◆ Work required
Strip out the pictures and transcribe the records that follow exactly.

◆ Provided records
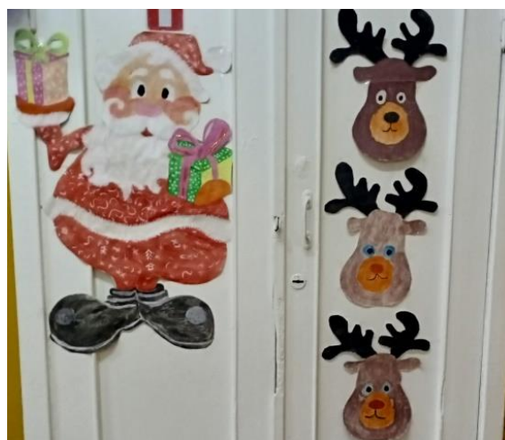
«Дед Мороз» 7 класса

За оформление дверей кабинетов все получили грамоты и сладкие призы.
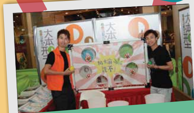
以攤位遊戲推廣抗毒資訊
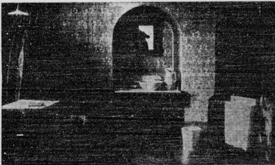
Soba v Stični, kjer je nadškof Jeglič umrl
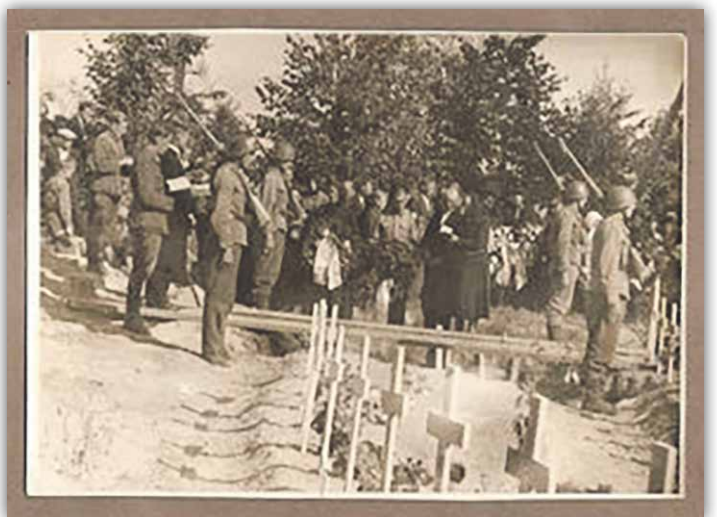
Sankarivainajien siunaus Koivistolla 1943
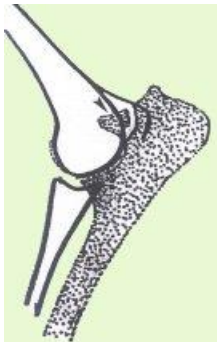
Losgebroken stukje bij de pijl.

In het ellebooggewricht, boven aan de ellepijp zit een botuitsteeksel dat normaliter aan de ellepijp vast zit en totaal vergroeid is op 5½ maanden leeftijd. Tot die tijd kan het uitsteeksel afbreken. Vooral is dit het geval als de onderarm krom groeit zoals we dat kennen bij de Basset. Dit kromgroeien kan ook bij andere honden optreden ten gevolge van een ongeluk op jonge leeftijd of overvloedige opname van mineralenmengsels. Bij verscheidene rassen werd een erfelijke predispositie (grote mate van "gevoeligheid" voor LPA bij bepaalde bloedlijnen) vastgesteld.
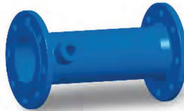
FF-Stück mit Nabe Zweiflanschstück mit Nabe Double flanged pipe with boss
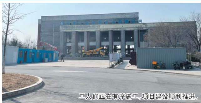
工人们正在有序施工,项目建设顺利推进。

3月1日,记者来到落户山东财经大学(原)明水校区的空天信息大学(筹),施工现场全部设置了围挡,透过围挡缝隙可以看到,工人们正在有序施工,项目建设正在顺利推进。
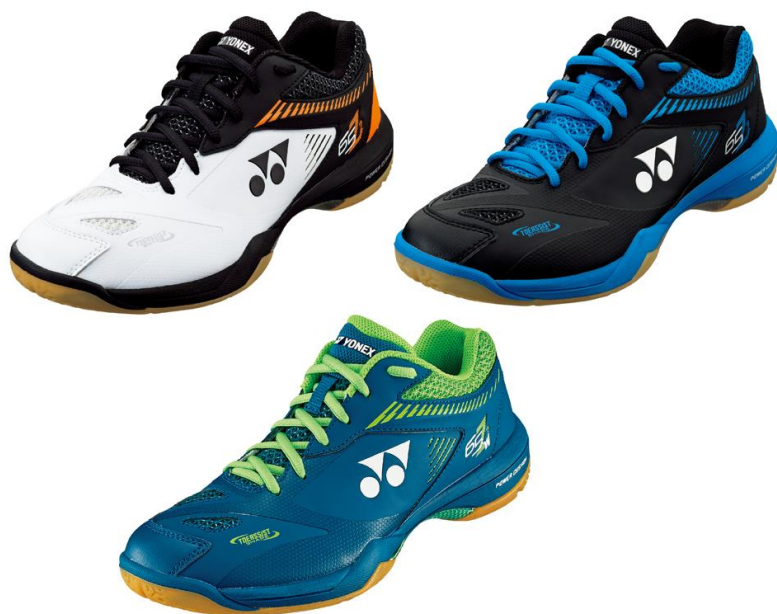
[左上から時計回りに]POWER CUSHION 65 Z 2[ホワイト/オレンジ]、[ブラック/ブルー]、 POWER CUSHION 65 Z 2 WIDE[ダークマリン]
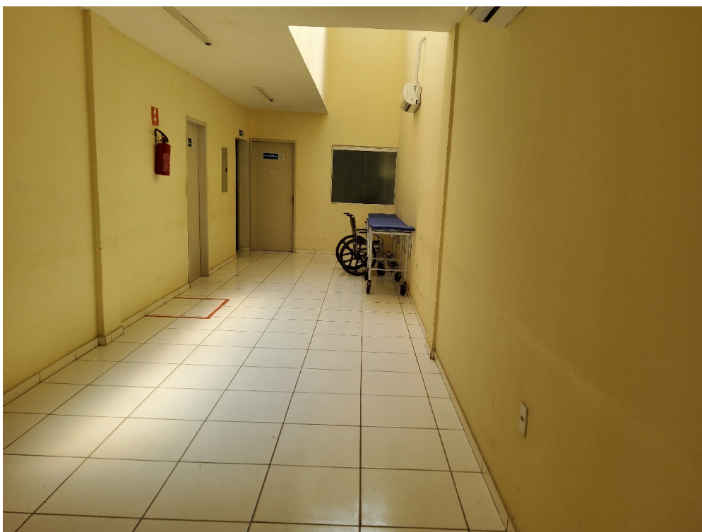
Local para macas e cadeira de rodas
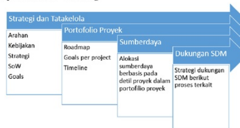
Fig. 4. Tahap persiapan pengembangan e-learning

Pada tahapan berikutnya, yakni tahapan analisis, berisi aktifitas-aktifitas yang berkaitan dengan lingkungan e-learning yang akan dibangun. Untuk UMC sendiri aktifitas-aktifitas tersebut dapat meliputi (1)Studi mengenai profil pengguna e-learning , (2)Media yang akan digunakan untuk e-learning , termasuk penggunaan media mobile device , (3) Sumberdaya e-learning , termasuk mekanisme pengisian dan pengelolaan materi yang terdapat dalam e-learning , dan (4) Pendefinisian proses bisnis dan metodologi yang digunakan dalam operasional e-learning .
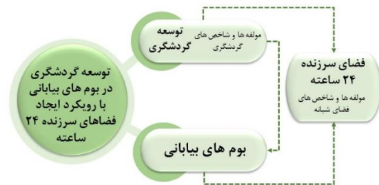
نمودار ۱: ارتباط بین مفاهیم پایه پژوهش

در پژوهش حاضر سه مفهوم گردشگری در راستای توسعه آن، بوم های بیابانی و فضاهای سرزنده ۲۴ ساعته مورد بررسی قرار گرفته است. با توجه به اینکه هدف توسعه گردشگری در بوم های بیابانی با رویکرد ایجاد فضاهای سرزنده ۲۴ ساعته می باشد ارتباطی که بین مفاهیم پژوهش شکل می گیرد مطابق با نمودار روبرو، ابتدا مولفه ها و شاخص های گردشگری استخراج می گردد، سپس شاخص های فضاهای سرزنده ۲۴ ساعته منطبق با بوم های بیابانی استخراج گردیده و سپس با توجه به ارتباط مستقیمی که گردشگری با فضاهای سرزنده ۲۴ ساعته دارد، شاخص ها به صورت مشترک پالیش می گردد و هر دو مفهوم گردشگری و فضای ۲۴ ساعته با توجه به ارتباطی که با بوم های بیابانی دارند، مسیر رسیدن به هدف را هموار می سازند.
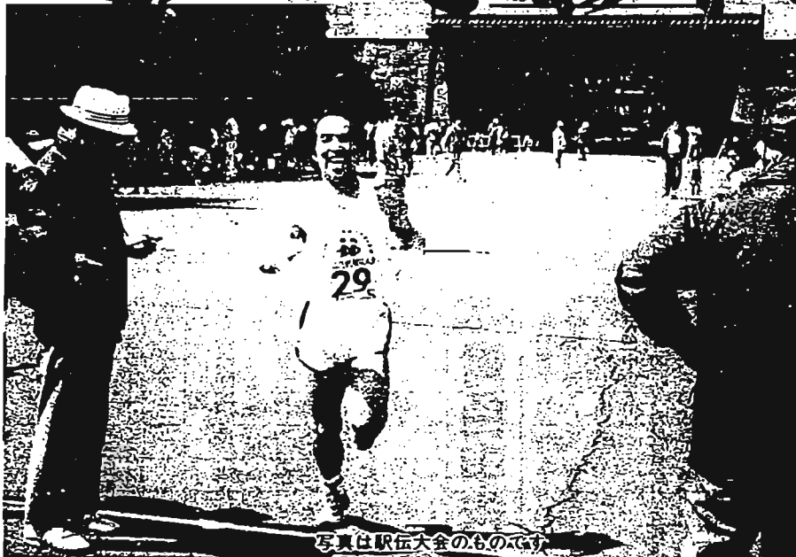
写真は駅伝大会のもの
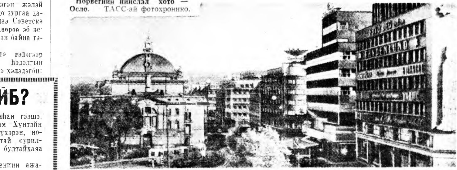
Норвегийн нинслэ хот — Осло.

«Дурна зүгһөө аюул» гэдэгээр манай зоние айтлага һалдгын гаргагдахада, би ингэжэ хэлдэгин:
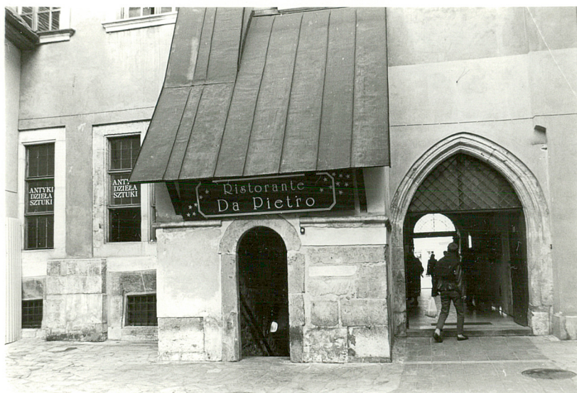
parterowa część elewacji tylnej
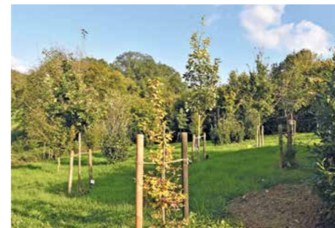
Gerade in den letzten sechs Jahren haben viele Menschen den Wunsch, unter einem Baum bestattet zu werden. Auf dem Elfringhauser Friedhof gibt es für Urnenbestattungen diese Möglichkeit - in der Regel drei Urnen pro Baum.
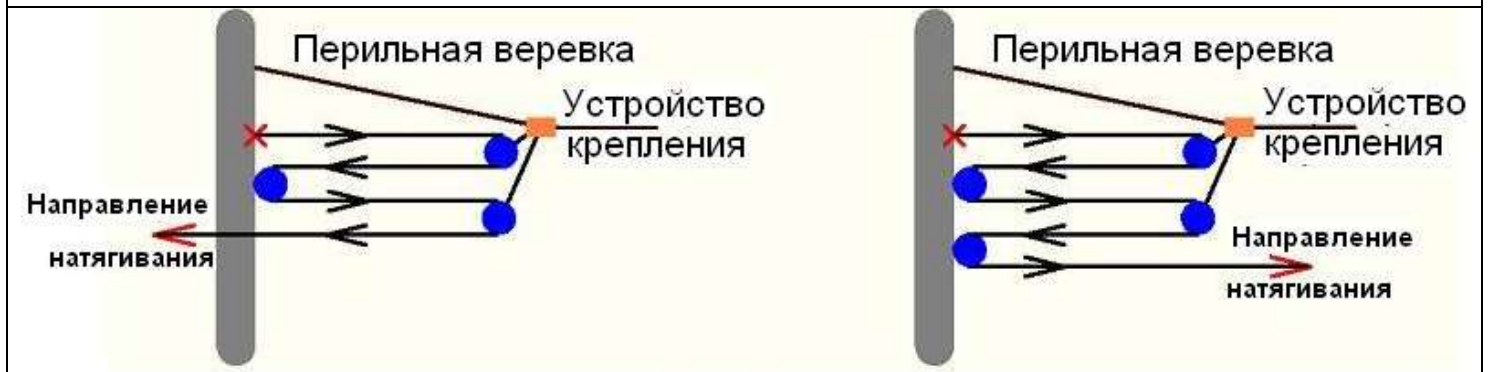
«Двойной полиспаст» (4:1)
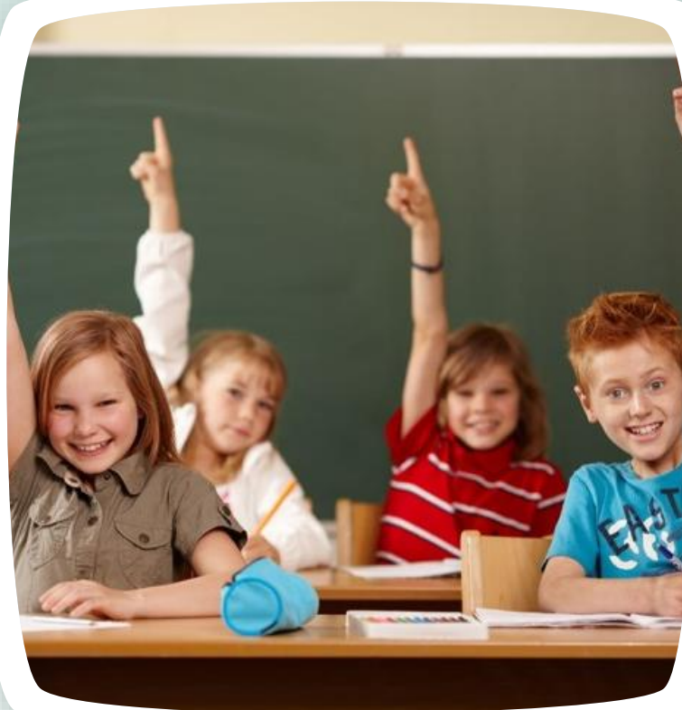
PRIMARIA (1º a 6º de primaria)

La actividad se desarrolla en grupos por edad y (si el número de alumnos lo permite) en subgrupos para adecuar el aprendizaje a las capacidades de los alumnos.
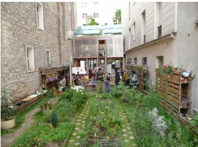
56 rue Saint-Blaise

Document préparatoire au voyage d'étude à Paris et à Ivry-sur-Seine le 31 mars 2011
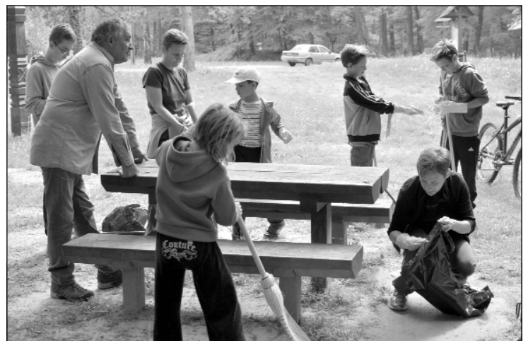
Az esőbeálló környékének rendbetételét is vállalták a résztvevők.

gén frissítővel és finom pörkölttel várták, s jutott idő még közös játékra, erdei kirándulásra is. A résztvevők megvendégeléséhez a Zalaerdő Zrt. is hozzájárult, támogatásukat ezúton is köszönik a szervezők.
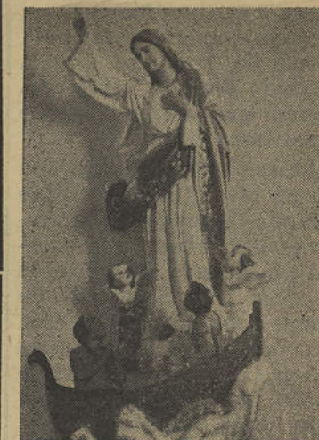
Imagem de Nossa Senhora dos Navegantes
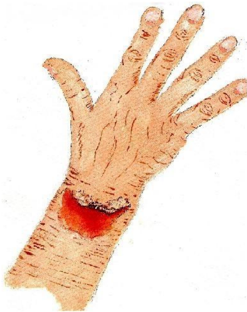
1.Wond met opgestroopte huid

Vraag aan uw huisarts of apotheker om huidvriendelijke siliconen pleisters voor een dunne kwetsbare huid.
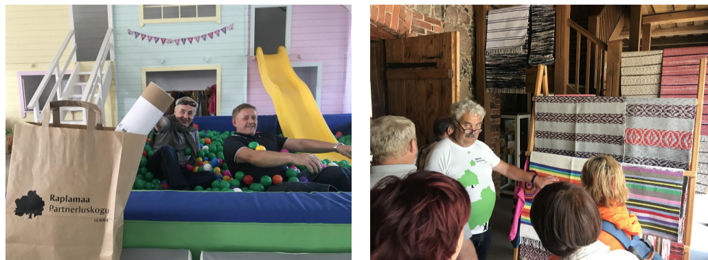
Fotod: külalised Prive mängumaad ja Räpina loomemaja avastamas.

Raplamaa Partnerluskogu Kai ja Juuru sidusrühmad külastasid 1.-2. augustil Piiriveere Liider tegevuspiirkonda. Õppereisi esimesel päeval külastati ettevõtet Santex OÜ , Räpina loomemaja , kaedi bussiaknast Räpina poldri hoiuala ning pandi jalg maha Räpina sadamas .
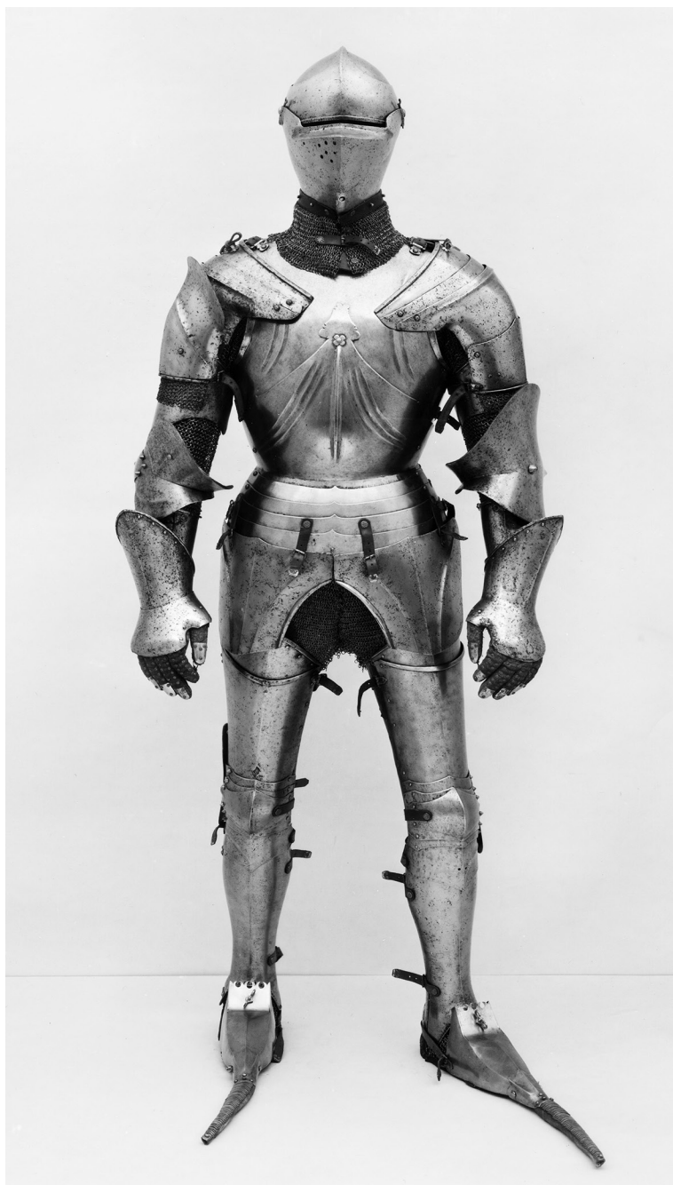
Arnés blanco italiano (c. 1450-1460). Museo Metropolitano de Arte, Nueva York.
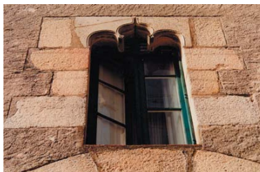
Finestral gòtic, fet de granit
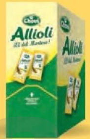
ALLIOLI Monodos 20 ml. Estuche 140 uds. Cod: 1101
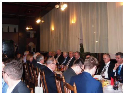
Fot. Spotkanie koleżeńskie
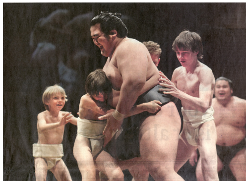
Sumoworsteelaars

Ook in beeld kunnen we dezelfde vergelijking door-trekken. Beelden die passen bij het tweede deel van de vergelijking kunnen we gewoon in de krant vinden.
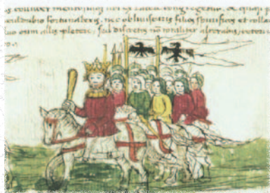
Barbarossa auf dem dritten Kreuzzug, lat. Manuskript, 15. Jhd. (Venedig, Biblioteca Nazionale Marcian)

Papst seit Dezember 1187. Unterstützte auf Sizilien den Usurpator Tankred von Lecce gegen die rechtmäßige Erbin Konstanze und deren Mann Heinrich VI., Sohn Barbarossas.

◆ Problem solution
«Дед Мороз» 7 класса

За оформление дверей кабинетов все получили грамоты и сладкие призы.
以攤位遊戲推廣抗毒資訊
Soba v Stični, kjer je nadškof Jeglič umrl
Sankarivainajien siunaus Koivistolla 1943
Losgebroken stukje bij de pijl.

In het ellebooggewricht, boven aan de ellepijp zit een botuitsteeksel dat normaliter aan de ellepijp vast zit en totaal vergroeid is op 5½ maanden leeftijd. Tot die tijd kan het uitsteeksel afbreken. Vooral is dit het geval als de onderarm krom groeit zoals we dat kennen bij de Basset. Dit kromgroeien kan ook bij andere honden optreden ten gevolge van een ongeluk op jonge leeftijd of overvloedige opname van mineralenmengsels. Bij verscheidene rassen werd een erfelijke predispositie (grote mate van "gevoeligheid" voor LPA bij bepaalde bloedlijnen) vastgesteld.
FF-Stück mit Nabe Zweiflanschstück mit Nabe Double flanged pipe with boss
工人们正在有序施工,项目建设顺利推进。

3月1日,记者来到落户山东财经大学(原)明水校区的空天信息大学(筹),施工现场全部设置了围挡,透过围挡缝隙可以看到,工人们正在有序施工,项目建设正在顺利推进。
[左上から時計回りに]POWER CUSHION 65 Z 2[ホワイト/オレンジ]、[ブラック/ブルー]、 POWER CUSHION 65 Z 2 WIDE[ダークマリン]
Local para macas e cadeira de rodas
Fig. 4. Tahap persiapan pengembangan e-learning

Pada tahapan berikutnya, yakni tahapan analisis, berisi aktifitas-aktifitas yang berkaitan dengan lingkungan e-learning yang akan dibangun. Untuk UMC sendiri aktifitas-aktifitas tersebut dapat meliputi (1)Studi mengenai profil pengguna e-learning , (2)Media yang akan digunakan untuk e-learning , termasuk penggunaan media mobile device , (3) Sumberdaya e-learning , termasuk mekanisme pengisian dan pengelolaan materi yang terdapat dalam e-learning , dan (4) Pendefinisian proses bisnis dan metodologi yang digunakan dalam operasional e-learning .
نمودار ۱: ارتباط بین مفاهیم پایه پژوهش

در پژوهش حاضر سه مفهوم گردشگری در راستای توسعه آن، بوم های بیابانی و فضاهای سرزنده ۲۴ ساعته مورد بررسی قرار گرفته است. با توجه به اینکه هدف توسعه گردشگری در بوم های بیابانی با رویکرد ایجاد فضاهای سرزنده ۲۴ ساعته می باشد ارتباطی که بین مفاهیم پژوهش شکل می گیرد مطابق با نمودار روبرو، ابتدا مولفه ها و شاخص های گردشگری استخراج می گردد، سپس شاخص های فضاهای سرزنده ۲۴ ساعته منطبق با بوم های بیابانی استخراج گردیده و سپس با توجه به ارتباط مستقیمی که گردشگری با فضاهای سرزنده ۲۴ ساعته دارد، شاخص ها به صورت مشترک پالیش می گردد و هر دو مفهوم گردشگری و فضای ۲۴ ساعته با توجه به ارتباطی که با بوم های بیابانی دارند، مسیر رسیدن به هدف را هموار می سازند.
写真は駅伝大会のもの
Норвегийн нинслэ хот — Осло.

«Дурна зүгһөө аюул» гэдэгээр манай зоние айтлага һалдгын гаргагдахада, би ингэжэ хэлдэгин:
parterowa część elewacji tylnej
Gerade in den letzten sechs Jahren haben viele Menschen den Wunsch, unter einem Baum bestattet zu werden. Auf dem Elfringhauser Friedhof gibt es für Urnenbestattungen diese Möglichkeit - in der Regel drei Urnen pro Baum.
«Двойной полиспаст» (4:1)
PRIMARIA (1º a 6º de primaria)

La actividad se desarrolla en grupos por edad y (si el número de alumnos lo permite) en subgrupos para adecuar el aprendizaje a las capacidades de los alumnos.
56 rue Saint-Blaise

Document préparatoire au voyage d'étude à Paris et à Ivry-sur-Seine le 31 mars 2011
Az esőbeálló környékének rendbetételét is vállalták a résztvevők.

gén frissítővel és finom pörkölttel várták, s jutott idő még közös játékra, erdei kirándulásra is. A résztvevők megvendégeléséhez a Zalaerdő Zrt. is hozzájárult, támogatásukat ezúton is köszönik a szervezők.
Imagem de Nossa Senhora dos Navegantes
1.Wond met opgestroopte huid

Vraag aan uw huisarts of apotheker om huidvriendelijke siliconen pleisters voor een dunne kwetsbare huid.
Fotod: külalised Prive mängumaad ja Räpina loomemaja avastamas.

Raplamaa Partnerluskogu Kai ja Juuru sidusrühmad külastasid 1.-2. augustil Piiriveere Liider tegevuspiirkonda. Õppereisi esimesel päeval külastati ettevõtet Santex OÜ , Räpina loomemaja , kaedi bussiaknast Räpina poldri hoiuala ning pandi jalg maha Räpina sadamas .
Arnés blanco italiano (c. 1450-1460). Museo Metropolitano de Arte, Nueva York.
Finestral gòtic, fet de granit
ALLIOLI Monodos 20 ml. Estuche 140 uds. Cod: 1101
Fot. Spotkanie koleżeńskie
Sumoworsteelaars

Ook in beeld kunnen we dezelfde vergelijking door-trekken. Beelden die passen bij het tweede deel van de vergelijking kunnen we gewoon in de krant vinden.
Barbarossa auf dem dritten Kreuzzug, lat. Manuskript, 15. Jhd. (Venedig, Biblioteca Nazionale Marcian)

Papst seit Dezember 1187. Unterstützte auf Sizilien den Usurpator Tankred von Lecce gegen die rechtmäßige Erbin Konstanze und deren Mann Heinrich VI., Sohn Barbarossas.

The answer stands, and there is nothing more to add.